Horndon on the Hill is a village, former civil parish and Church of England parish in the unitary authority of Thurrock, in the county of Essex, England. It is located close to the A13, around one mile northwest of Stanford-le-Hope and around two miles northeast of Orsett. The village area falls within the Orsett ward of Thurrock District Council. In 2019 it had an estimated population of 1517. In 1931 the parish had a population of 1052.

Horndon on the Hill has one church, the Church of St Peter and St Paul, which dates from the 13th century and is Grade I listed. It also has a primary school, a recreational park and two public houses, The Swan and The Bell.

History
Horndon-on-the-Hill appears in the Domesday Book of 1086 as Hornindune, meaning "horn-shaped hill". It may have been the site of the 11th-century Horndon mint, based on the survival of a single Anglo-Saxon penny from the village.

In the late 15th century, the lord of the manors of Arden Hall and Horndon House was Sir Edmund Shaa. Shaa was a supporter of Richard III and was knighted by him. These manors remained in the Shaa family for several generations before passing to the Pooley family.
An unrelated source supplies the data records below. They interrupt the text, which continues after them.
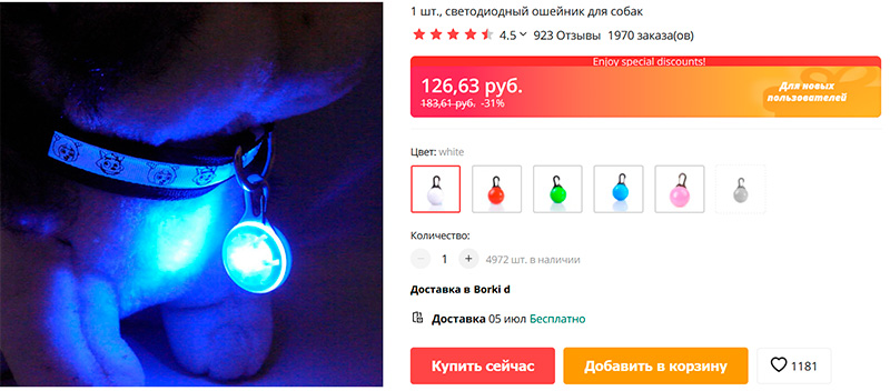 Светящийся светодиодный брелок-насадка для собачьего ошейника - чтобы не терять домашнего любимца из вида при прогулках в сумерках и в темноте.
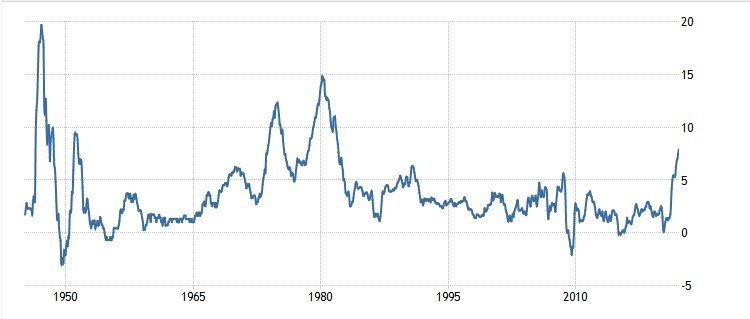 Смотрите график исторической инфляции в США. На нем видно, как в 1965 году начался рост инфляции. Кстати, сейчас мы находимся фактически на тех же уровнях! В 1973 году как раз был промежуточный пик инфляции, после чего она продолжила свой рост.
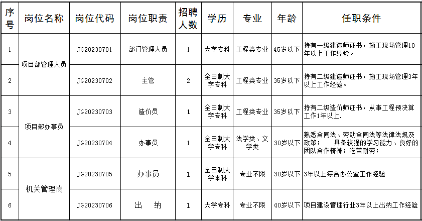 公開(kāi)招聘人員崗位表中涉及“年齡條件”的如“45歲以下”為“1978年7月31日(含)以后出生”(其他涉及年齡計(jì)算的依此類推);工作經(jīng)歷要求,截止時(shí)間為2023年7月31日。
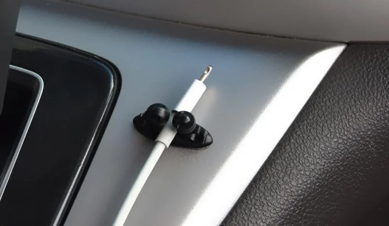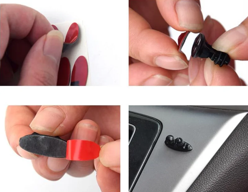 Features: 1.Made of high quality soft ABS material with cute design, it is durable and beautiful 2.8pcs clips of one pack, meet your need for home and car space for clipping USB cable, headphone cable, charger line cable, etc. 3.Keep your cables in check within arm's reach and get your car clean and organized. Never lose your cable 4.3M double-sided adhesive tape to stick on any glossy surface: desks, tables, walls, filing cabinets, furniture, etc. 5.Easy to clip and remove Specifications: Type:Car Adhesive Wire Clip Material:ABS Size:2.6*1*1.5cm/1*0.4*0.6"(L*W*H) Color: Black Note:This is fit for cables within 0.6cm/0.4" thickness. Attention: 1.Please clean the surface of the target area before stick it on. 2.Stick it on and keep your car non-washed within 48 hours to achieve the best adhesiveness. 3.Try to finish the steps one time, do not peel it off from one area and stick on another area to avoid bad adhesiveness. Package list: 8 X cable clip
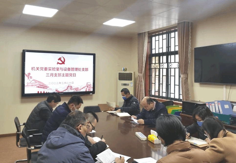 3月20日下午3:00,实验室与设备管理处党支部在行政楼附楼208会议室召开2023年3月份支部主题党日学习活动,会议由支部书记贺占魁主持,支部全体党员参会。
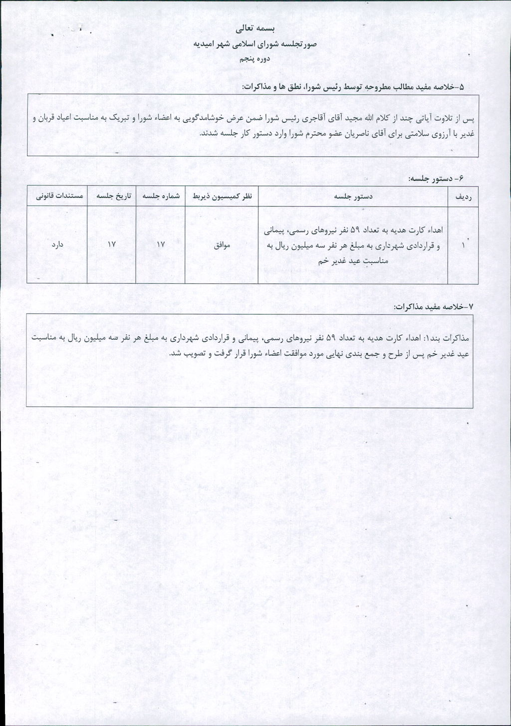 مذاکرات بند۱: اهداء کارت هدیه به تعداد ۵۹ نفر نیروهای رسمی، پیمانی و قراردادی شهرداری به مبلغ هر نفر سه میلیون ریال به مناسبت عید غدیر خم پس از طرح و جمع بندی نهایی مورد موافقت اعضاء شورا قرار گرفت و تصویب شد.

A woolmarket was established in the village in the early 16th century; the building later became a shelter for the poor people of the area.
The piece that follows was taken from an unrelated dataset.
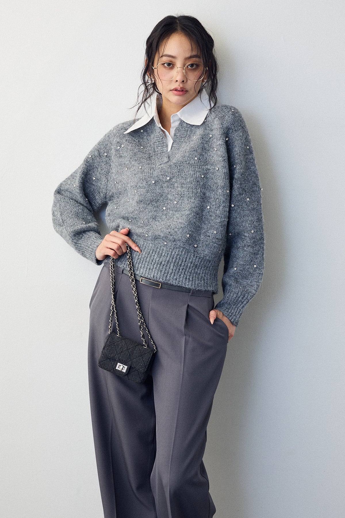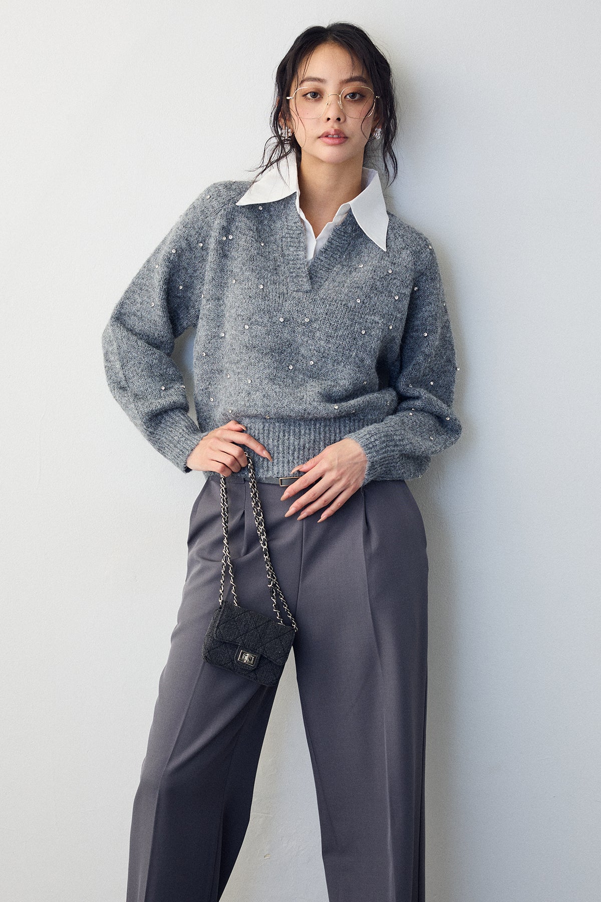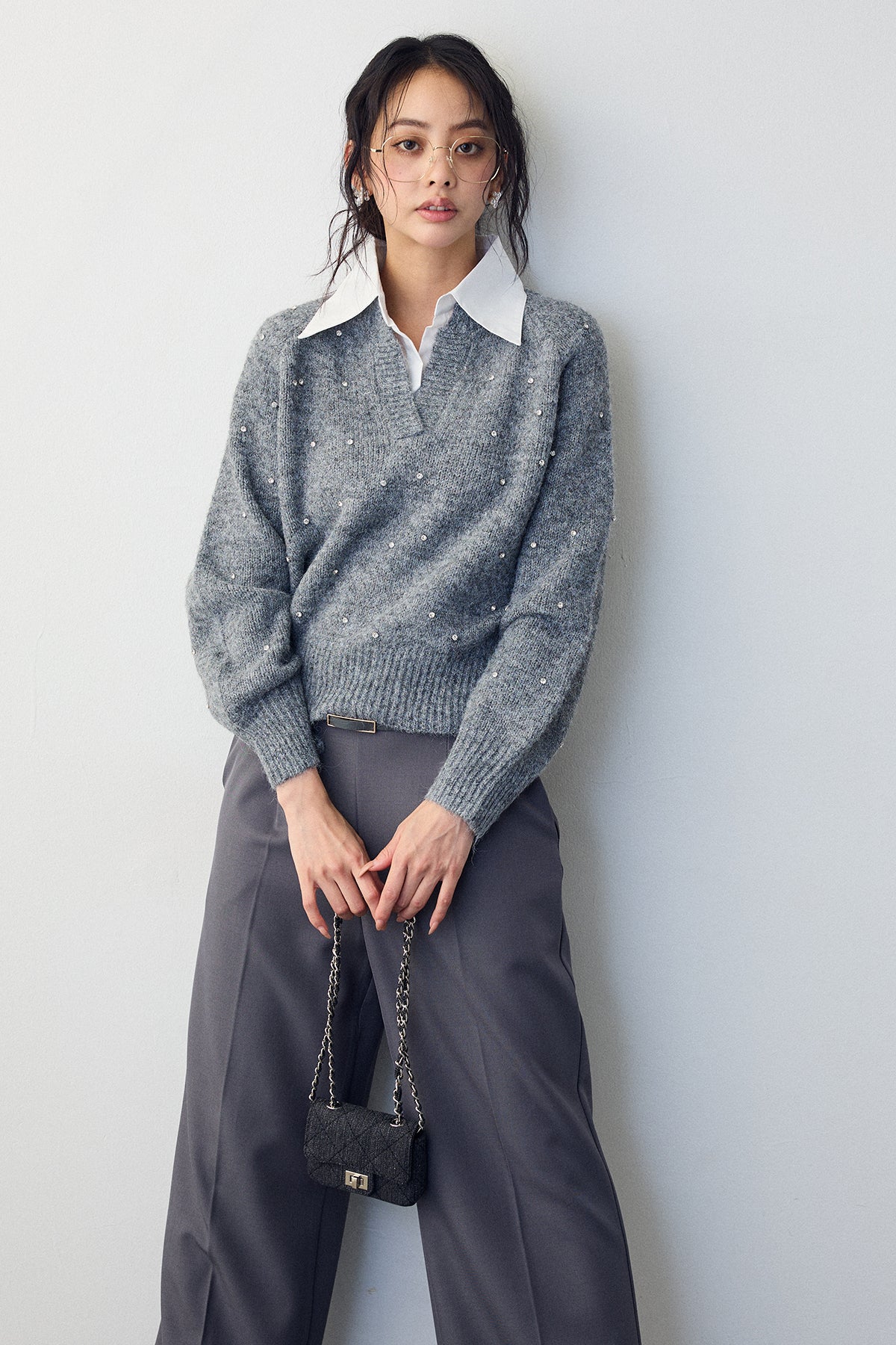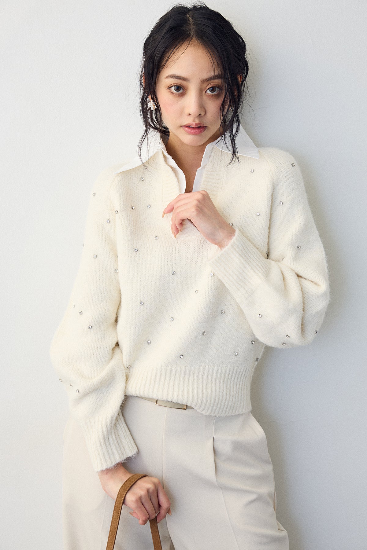 [予約]シャツ襟ラインストーンニットPOを含んだコーデセット商品を探す↓

On the south wall of the church is a memorial to Thomas Higbed, who was burned at the stake in Horndon in 1555 and is included in Foxe's Book of Martyrs.

Horndon on the Hill is one of the seven conservation areas of Thurrock and was the first of the seven to be designated, in September 1969.

Since the 13th century, Horndon on the Hill has hosted the annual "Feast and Fayre" on the last weekend in June.

Prominent residents have included Sir John Tusa, journalist and broadcaster and former President of Wolfson College, Cambridge.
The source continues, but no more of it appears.